The Rolling Stones in Mono is a box set by the English rock band the Rolling Stones, released by ABKCO Records in September 2016. It contains most of the group's British and American studio albums from the 1960s in mono format, on fifteen compact discs or sixteen vinyl records. All tracks were remastered using the Direct Stream Digital process by Bob Ludwig.

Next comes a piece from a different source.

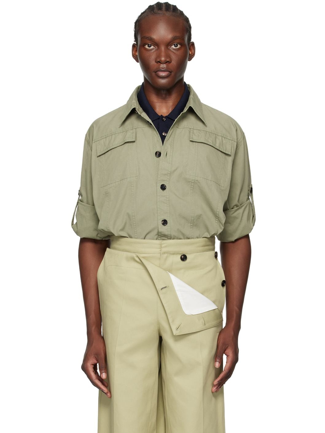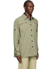 Lightweight cotton twill shirt. · Spread collar · Button closure · Flap pockets at chest · Vented side seams · Button applique at sleeves · Pleat at single-button barrel cuffs · Horn hardware Supplier color: Juniper 100% cotton. Made in Italy 242798M192002

The original recordings were produced by Andrew Loog Oldham, Jimmy Miller and the Rolling Stones.

Content
The Rolling Stones in Mono omits the American versions of the band's debut album and of Between the Buttons; the former as there is only a difference of one track between the two, and the latter as it replaces two tracks with the 1967 single "Let's Spend the Night Together" backed with "Ruby Tuesday", both of which also appear on the compilation Flowers   included here. Their Satanic Majesties Request, Beggars Banquet and Let It Bleed were issued with identical track listings in each nation. The last two are not dedicated mono mixes, as none were made, but are the stereo mixes folded-down into mono. Albums included in this box set are listed below. The box also includes all tracks released on the band's two studio EPs, The Rolling Stones and Five by Five.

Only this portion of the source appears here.